Over the last few years I've been a huge defender of outspoken athletes and celebrities. Our country has entered a state of perpetual outrage that wants to defend every group. Even Charles Barkley came under fire for joking about the weight of women in San Antonio. Because, hey, we all know Texas is known for sticking to salads and P90X right? In today's society sticks and stones can break your bones but words can ruin your life. While I hear the argument that "free speech comes with consequences" on a weekly basis, the consequences of domestic violence in the public eye is brushed off unless we see the video. It's impossible not to remember the NFL choosing to suspend Ray Rice for only two games before the security footage of his savage beating leaked. During that same month, we saw people like Adam Richman and Anthony Cumia lose their jobs over things they said on Twitter and Instagram. Now I defended Cumia and Richman on social media and was called a racist or sexist for advocating for, not what they said, but their ability to say it. I was told that free speech comes with responsibility and that these men did not properly represent their companies.

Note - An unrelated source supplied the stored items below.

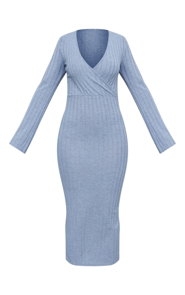 Robe cache-coeur mi-longue côtelée grise à manches évasées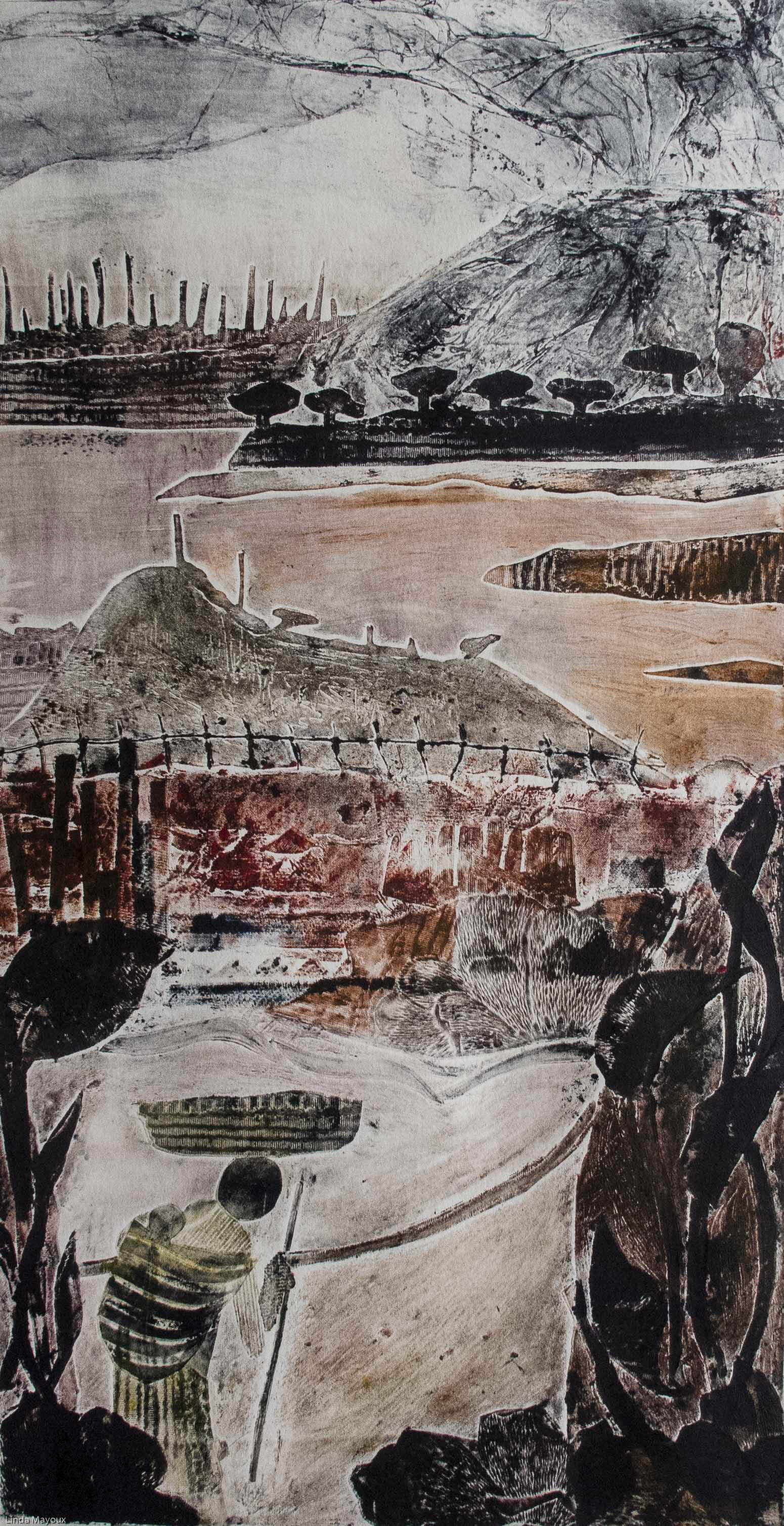 The plate is composed in roughly three sections: foreground with the woman and baby weary of walking (like so many of the people I had seen on the road), middle section of the charred remains of the city and the volcano at the top. With a half-way line of the fence. The sections are linked by the curve of the road that links to the curve of the islands and image at the top. There is no definite focal point – the eye travels up and down trying to make sense of the relationship between the elements. The plate uses a range of materials including plastic netting, tissue paper, card and different wallpapers and fabrics.
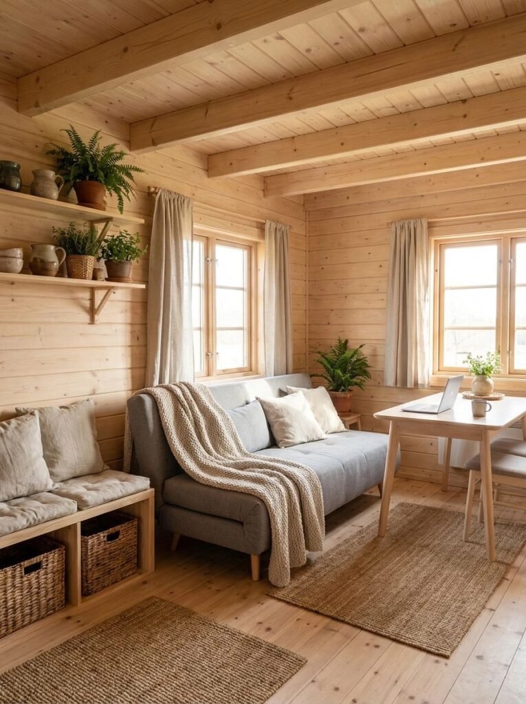 Small cabins thrive with thoughtful design. Light colors, multifunctional furniture, and open layouts help small spaces feel expansive and inviting.
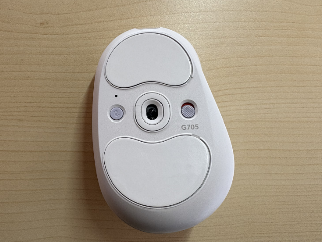 G705は、ロジクールGの「THE AURORA COLLECTION」シリーズの1つ。淡いホワイトカラーに曲線的なデザインで、所謂「ゲーミングマウス」という雰囲気ではなく、デスクに置いても可愛いらしいのが魅力です。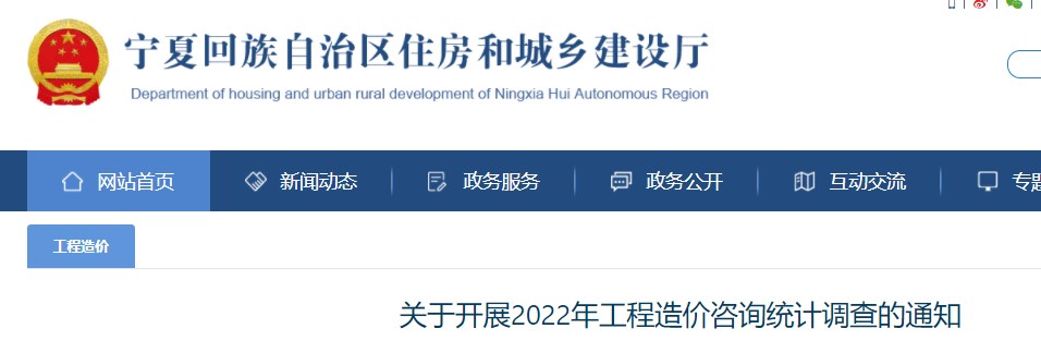 宁夏自治区关于开展2022年工程造价咨询统计调查的通知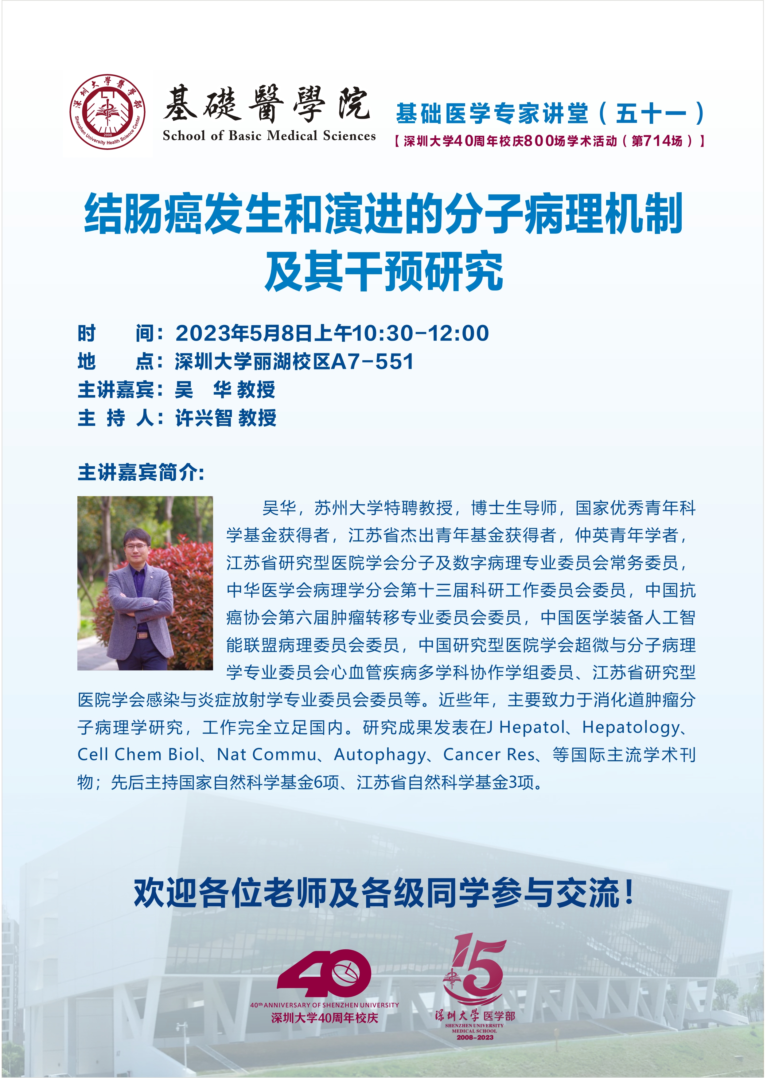 【好色tv 40周年校庆800场学术活动(第714场)+基础医学专家讲堂(五十一)】:结肠癌发生和演进的分子病理机制及其干预研究

So did Rice and Hardy represent the NFL with great honor? Because they were allowed to keep their jobs, until the NFL felt guilty for shrugging off woman beating as "shit happens". If a Mel Gibson movie was released today, there would be protests at theaters across America from African American, Jewish, and women's groups for the things that he said. But when Ray Rice showed up to Ravens training camp last summer, he was met with applause and support. If you don't remember who John Rocker is, just think of Kenny Powers with less class and public speaking ability. He was essentially blacklisted from baseball after saying all kinds of racist and homophobic things. But Ben Roethlisberger, Michael Vick, Donte Stallworth, Leonard Little and others were allowed back into the NFL after serving brief suspensions.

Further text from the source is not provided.